I was furious – to say the least. I also found out that he has already drew back to hit her (2) times in the last 2-weeks. And has been very disrespectful to her. She is soon to be 76 yrs. old.

I just do not know what to do!! I can not stand by and watch him take advantage of my Mother. And I just KNOW that he will eventually hurt her.

I refuse to take responsibility of him. I have always told both my Mom and Dad that I did NOT want to raise any more children. They were fools to adopt him, especially at their AGE.

I’m very stressed over this situation. I just don’t know what more I can do. My husband and I are starting to argue because he is tired of hearing about the kid and what he is doing to my Mom.

I have to help my Mom get him into some place. I don’t want to see him become awarded to the State. But I can’t seem to find any source that she can afford that is willing to help us in the short run. The place I’m trying to get him into could take months/years to get into. What do we do in the meantime?? If he has done all this in just 2-weeks what will it be like in 2-months? And right now my Mom is finally healthier than she has been since my Dad’s death.
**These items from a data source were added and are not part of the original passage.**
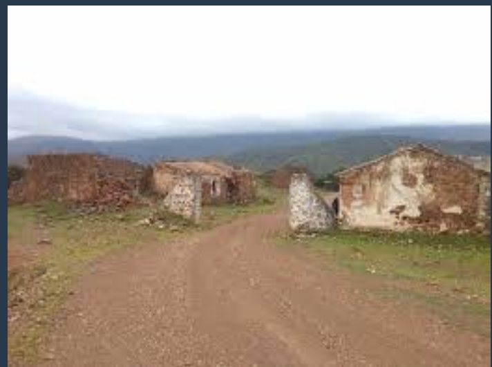
Vista de la aldea de Magaña, hoy en ruinas.

A principios de 1768, las obras en las tres primeras colonias de Sierra Morena se estaban desarrollando a buen ritmo. Por este motivo, el superintendente Pablo de Olavide decidió continuar ampliando el plan de colonización, ocupando los parajes y lugares de Río Rumblar, Carboneros, Navas de Linares, Venta de Linares, Magaña, Aldeaquemada, Venta de Los Santos y Arquillos. Fue así como se decidieron crear nuevos pueblos, entre ellos la aldea de Magaña.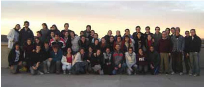
Conocieron industrias y los problemas sociales y ambientales.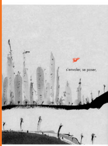
Un jour, ill. Yoo Ju-Yeon, MeMo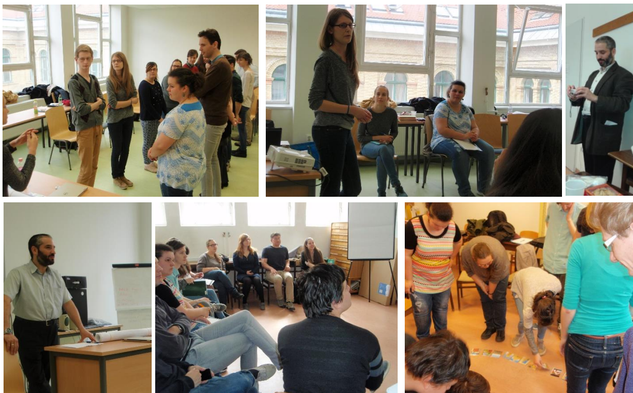
1. ábra: Pillanatképek a tréning első két napjáról.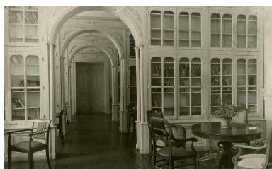
Bibliothèque meublée. Photographie, sans date (vers 1904 ?).

I have made him an appointment for another physco evaluation. He will no doubt need to make various visits. This is a repeat of her previous attempts for 2-yrs straight, which did not help him. They put him on meds that did not help. He still continued to do the same things.

While we had him I never gave him any meds. I do not believe in drugs for kids behavior. He controlled himself very well without meds. I had to take him out of public school and homeschool him, but his grades went from failing grades to A&B’s in both 5th and now 6th grade. I have agreed to homeschool him until he finishes 6th grade.

I’m not sure why he changed. He started getting out of control with us after we moved my Mom across the street from us, so that I could take care of her. I don’t know if his strong desire to live with her is what made him begin to retaliate against us or if he just did not want to live by our rules any longer. For whatever the reason, we were NOT going to accept his disrespect and constant breaking of rules.

Is there anything that ANYONE can suggest for us to do? For his sake and my elderly Mom’s sake he needs to be in a different home. He needs 24-hour supervision. And we need to get something done soon – before he gets worse!! He is even starting to play with matches!! I’m so afraid he is going to burn down the house.

April 18, 2009 at 2:43 pm
(49) Ella Williams says:

First of all I am sorry you have to go through this with someone you created. I am glad technology is created, you can put your children on fins programs, that is a program that monitor children drug addition, school atendance, curfews, you will need to go to juvenelle courts tell the court what you want fill out papers. I put my son on fins it work out very good of course I took my son out of program I felt sorry for him now I wish I’ll kept him in fims program because he is out of control talks by to me steal from us we have locks on our bedroom doors I fill like we are in prison in our home, he’s on probation for having weed in his pocket in school he will be 18 years old on 23rd of April that would have been a happy day for his little brother and myself because then I was going to tell him he don’t have to runaway anymore I would open all doors for him to leave. My son knows he is on probation he come in at 10:00pm don’t ranaway those are his conditions. He is stealing from me and his little brother punch holes in walls if he don’t get his way I have call his probation officer she told me she can’t help me raise my child.

April 18, 2009 at 7:32 pm
(50) asween16 says:

I am having the same issue. I have a 16 year old girl who has been difficult for a few years now. My wife and I are at our wits end. It has put a big stress on our marriage. We have tried counseling and she stopped going. She has threatened to leave, hurt herself, hurt others. If she runs away I am going to invoke CHINS. Child in need of services.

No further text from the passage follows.